Another issue was that more and more producers were selling their products directly to wholesalers and consumers instead of through fresh produce markets. With the proposed additional insurance in the Bill, this trend could increase further.

See attached submission for further information.

South African Federation for Livestock Auctioneers submission

The Chairman of the South African Federation for Livestock Auctioneers (SAFLA), Mr Johan Vosser, referred to schedule 1 of the Bill. He said it only referred to fresh produce agents in part A and livestock agents in part B, whereas export agents were not captured in the headings. It was pleasing that livestock agents were covered in the Bill. SAFLA wanted ostriches and game to be added to part B so that all products were listed in the schedule.

See attached submission for further information.

AAM Livestock Agents and Auctioneers submission

An accountant at AAM Livestock Agents and Auctioneers (AAM), Ms Karen Melouney, told the Committee that the Bill burdened auctioneers with unnecessary and excessive red tape and costs. AAM believed that this would threaten the economic survival of auctioneers, which would, in turn, affect small-scale farmers. One example of this was the requirement that producers have audited financial statements.

AAM called for the requirement for registration of all directors and members of closed corporations to be removed. It recommended that registration should only be for the business entity. It also called for the removal of the requirements for the fidelity fund, credit insurance and trust accounts from the Bill.

See attached submission for further information.


Mr Capa asked IMASA why it recommended three fidelity funds to reduce risks in the agricultural sector. Did it still believe that the fidelity funds would assist after hearing the views from other presenters? What risks had the fidelity fund in the fresh produce industry covered? How much money did the local fidelity fund have? He was aware that many producers were selling directly to wholesalers.
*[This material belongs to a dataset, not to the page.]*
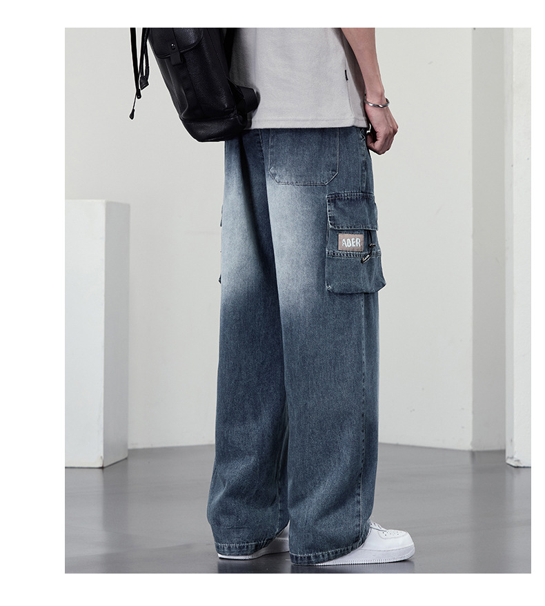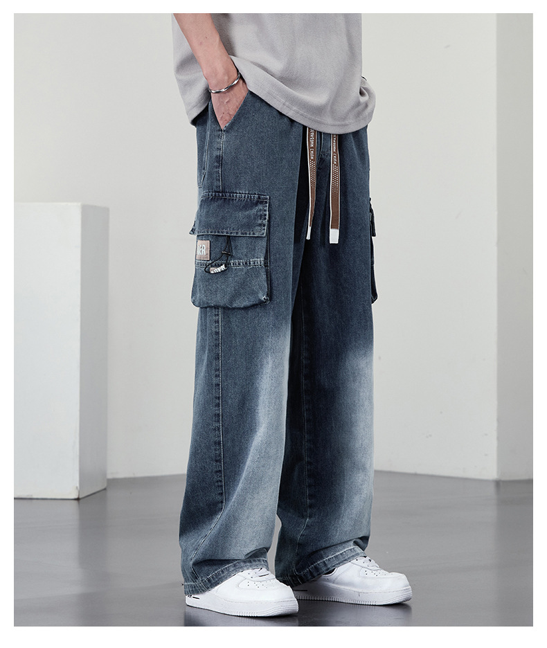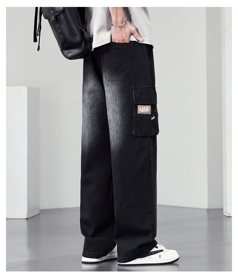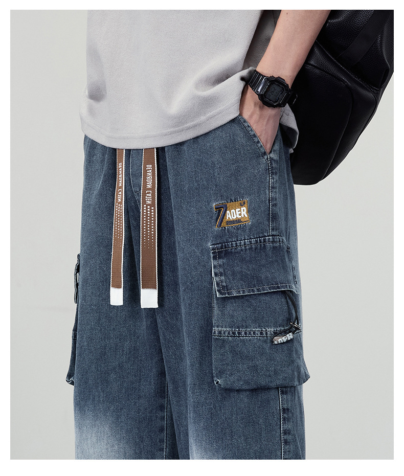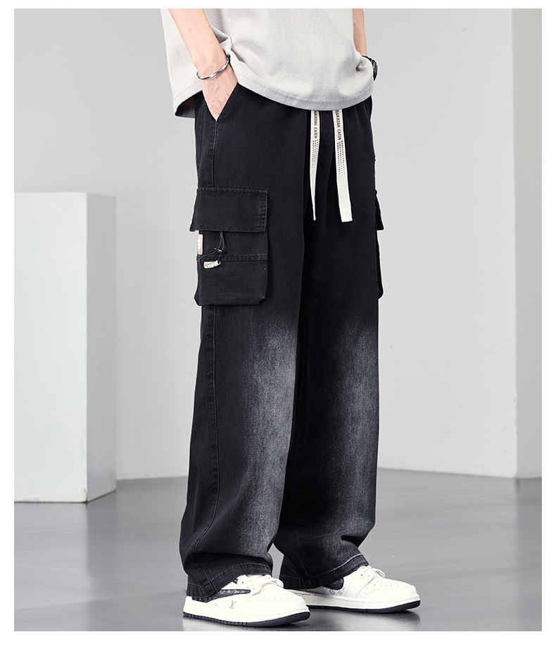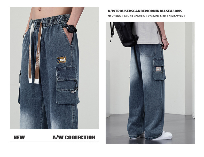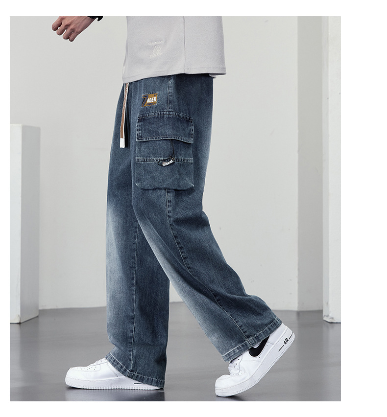 【DYF】大依优型大码男装松紧腰直筒牛仔裤宽松运动休闲风潮流男士胖子长裤

In addition, several countries did not have fidelity funds; having this as a requirement for trade would lead to a loss of market share.

Ms Breedt said that the Committee should debate the issues raised.

Mr Capa asked AAM if small-scale farmers sold to abattoirs. If so, what impact would the Bill have on their sales to the abattoirs?

Ms Fredericks said that IMASA believed that livestock and export agencies should have fidelity funds to minimise risk for the industry. Over time, the current one had grown and stood at R50 million.

Ms Melouney said that small-scale farmers did have access to abattoirs, although via auction. As the abattoirs usually bought in bulk, only large-scale farmers sold directly to them. A small-scale farmer who sold one cow to an abattoir would get the same price per kilogram as the large-scale farmer that sold 40 slaughtered cattle. She was pleased that small-scale farmers contributed 43 percent of the turnover in KwaZulu-Natal in the previous financial year.

Mr Masipa asked IMASA what the risks they had referred to in the presentation were. He asked whether the fidelity fund protected producers who sold directly to retail outlets such as Woolworths or Checkers. 

Ms Fredericks said that the fidelity fund

 did not protect producers who sold directly to retail outlets, and the fund only protected producers who sold directly to fresh produce markets.

Mr Masipa asked what risks IMASA had encountered over 30 past years, which it believed needed to be covered in the Bill.

Ms Fredericks said the biggest risks were theft and fraud. The APAC regulated the salespersons and the market agents to eradicate that risk.

The Chairperson thanked the presenters for their detailed presentations on the Bill.

The meeting was adjourned after the adoption of minutes.